# Linucon - Austin, TX - Oct. 8-10, 2004



## ragboy (Sep 9, 2004)

For those that don't know, there's a Sci-Fi/Linux Con coming up in October in Austin. Though it sounds like a weird amalgamation, there are open gaming rooms for the entire weekend, as well as huge techno-geek discussions, anime rooms, Wil Wheaton, Steve Jackson, game console rooms on the big screen, and tons of other stuff (including liquid nitrogen ice cream...). I'll be there demonstrating Spam Assassin/Postfix for my new book, as well, but don't let that draw you...  The rest of the time, I'll be buried in the game room. 

Check out their site: *http://www.linucon.org/*

If you want to run a game, stop by and sign up on their forums.


----------



## ragboy (Oct 6, 2004)

*Linucon's Game Schedule is Posted...*

I highly recommend: The Hills Rise Wild.

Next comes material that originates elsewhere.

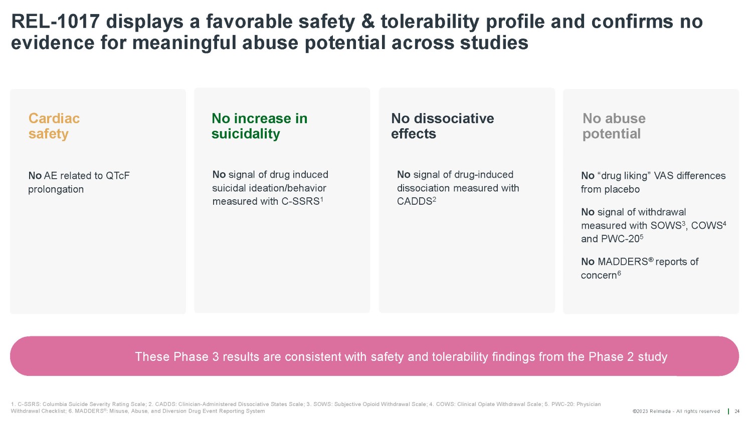 ©2023 Relmada - All rights reserved In Reliance I no serious treatment related treatment - emergent adverse event (TEAE)* and no opioid like effects were observed 23 Variable Placebo (N=114) REL - 1017 25 mg (N=113) All patients (N=227) N % N % N % Patients with at least one TEAE 61 53.5 55 48.7 116 51.1 Patients with at least one treatment related TEAE 28 24.6 30 26.5 58 25.6 Patients with at least one serious treatment related TEAE 0 0.0 0 0.0 0 0.0 Headache 9 7.9 13 11.5 22 9.7 COVID19 10 8.8 6 5.3 16 7.0 Upper respiratory tract infection 6 5.3 8 7.1 14 6.2 Nausea 5 4.4 8 7.1 13 5.7 Diarrhea 7 6.1 5 4.4 12 5.3 Constipation 7 6.1 3 2.7 10 4.4 Dizziness 2 1.8 7 6.2 9 4.0 Treatment - emergent adverse events* occurring in 5% or more patients per treatment arm Treatment - emergent adverse events by preferred term in patients with MDD in the safety analysis set *Treatment - emergent adverse event was defined as an adverse event that started or worsened after treatment with the trial drug

Excellent Zombie board/miniatures game. And the guy who runs it has done a great job building custom figures for it. Steve Jackson will be running  a Lego Pirate game all day Saturday (literally...12 hours) and there's a big Arcana Unearthed session every day. 

Hope to see you there! Email <my ENworld handle> at gmail.com if you want to get together. I'm probably going to be playing Star Wars Miniatures all weekend when I'm not wandernig around. 

http://www.linucon.org/events/gaming.html


----------